今日の「まっこリ~ナのカフェボンボン」の本棚は、遠藤周作の『真昼の悪魔』

大学の附属病院を舞台に、サイコパスな女医の心の闇をスリリングに描きます。無邪気な微笑に隠された女医の恐るべき本性とは……?


真昼の悪魔
著者:遠藤周作
出版社:新潮社

もし、お医者さんがサイコパスだったとしたら……。人の痛みを感じず、善悪の区別もつかないとしたら。もう想像するだけで、背中がゾクゾクしてしまう。

「悪って何かしら、何が悪なのかしら」主人公の女医はこう自問自答する。患者には「べっぴんのやさしい先生」と人気だけれど、それはあくまで表の顔。その裏では「いい女医のふり」をして無邪気を装う。人を意のままに操る自分にほくそえみながら、いやらしい罪を平然と重ねていくのです。

女医の罪悪感のなさ、冷酷さはまさにサイコパス。

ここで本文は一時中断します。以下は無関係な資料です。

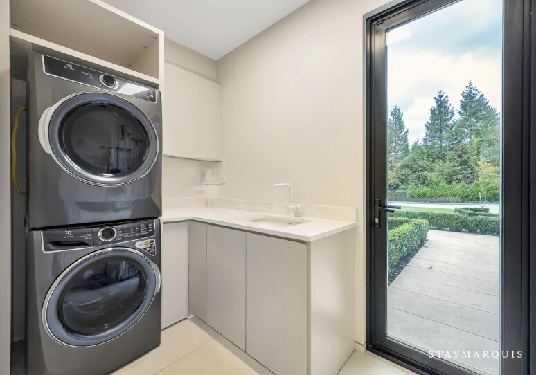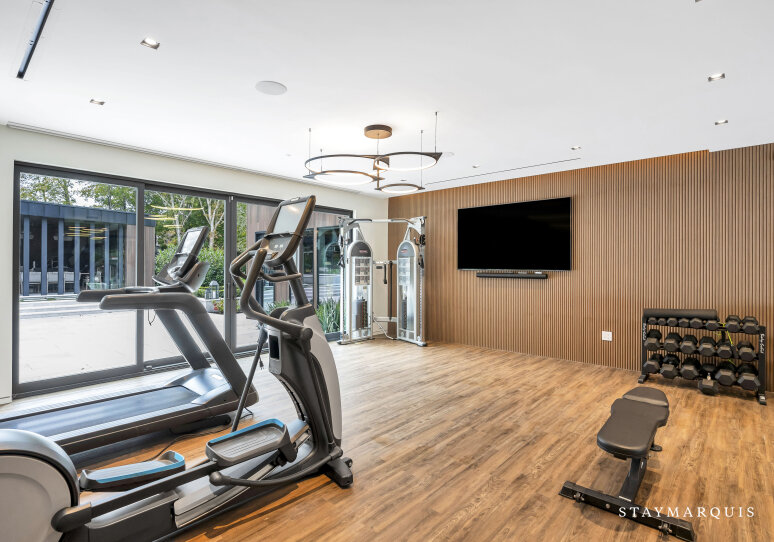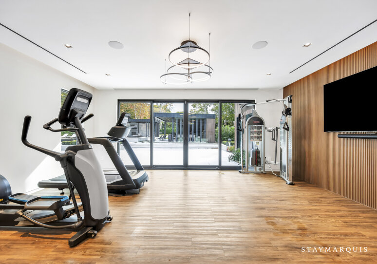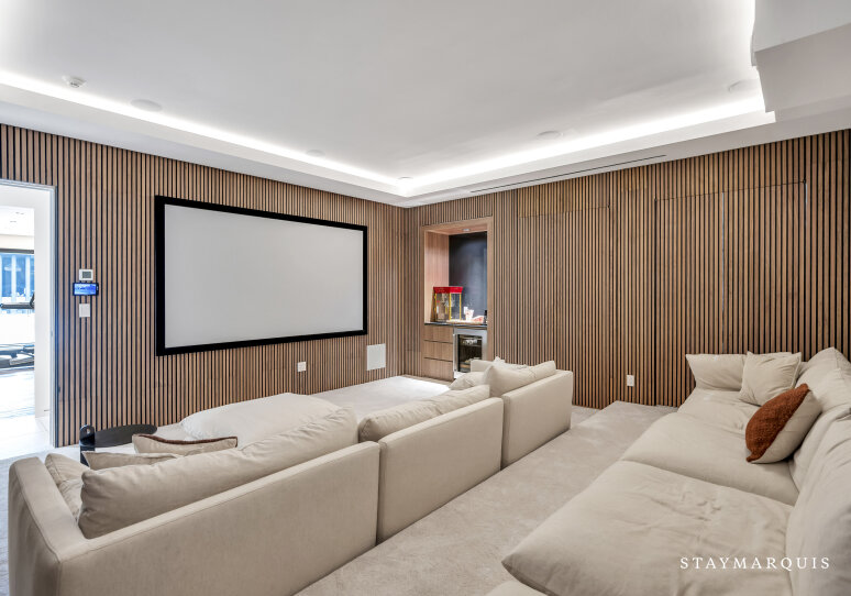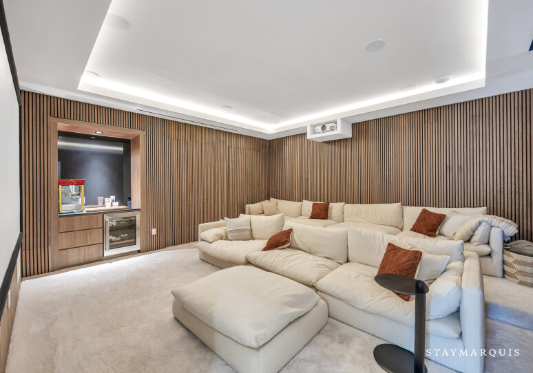 For entertainment, the home includes a private movie theater featuring a large projection screen and comfortable tiered seating—a perfect setting for family movie nights. A private gym outfitted with top-of-the-line equipment ensures guests can maintain their wellness routines without leaving the property. Every space in the home reflects attention to detail, from the curated furnishings and art to the sophisticated lighting and modern finishes. With central air conditioning, a washer and dryer, and dedicated workspace, the home offers every modern convenience.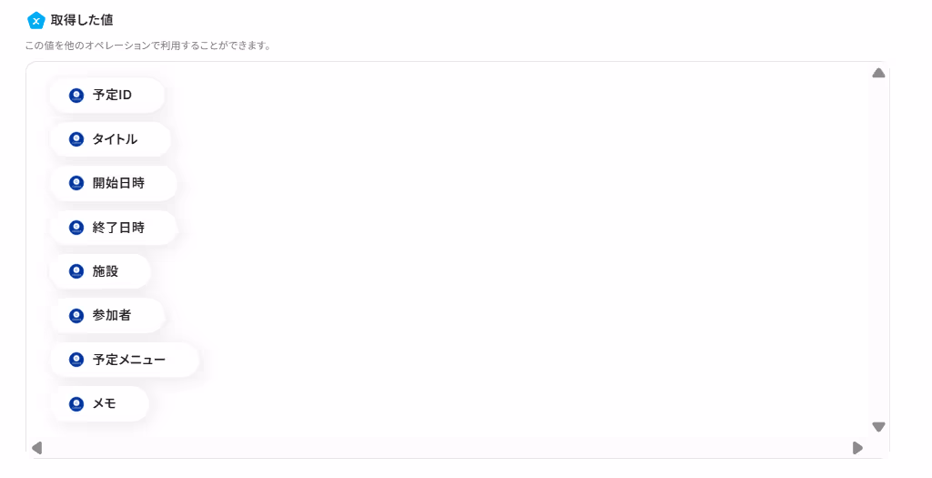 テストが成功した場合は、アウトプット(取得した値)を取得できます。実際の設定では、各項目に具体的な値が反映されます。

子どもまでそそのかす。他人がどうなろうと何も感じない。良心の呵責がないどころか、そもそも良心なんて最初からないというのが恐ろしい。彼女が罪を犯すのは、良心の呵責という痛みを感じたいがため。だからなおさら複雑なんですよね。

4人の女医のなかの誰が犯人なのか、悪事は明るみに出るのか、そしてなにより女医の虚ろな心が痛みを感じる日はくるのか。一気読み必至のサスペンスフルな小説。はかりしれない人の心の闇の深さに戦慄します。

Love, まっこリ〜ナ

「まっこリ~ナのカフェボンボン」を読んでくださってありがとうございます。「カフェボンボン」が心ときめく本との出会いの場となりますように。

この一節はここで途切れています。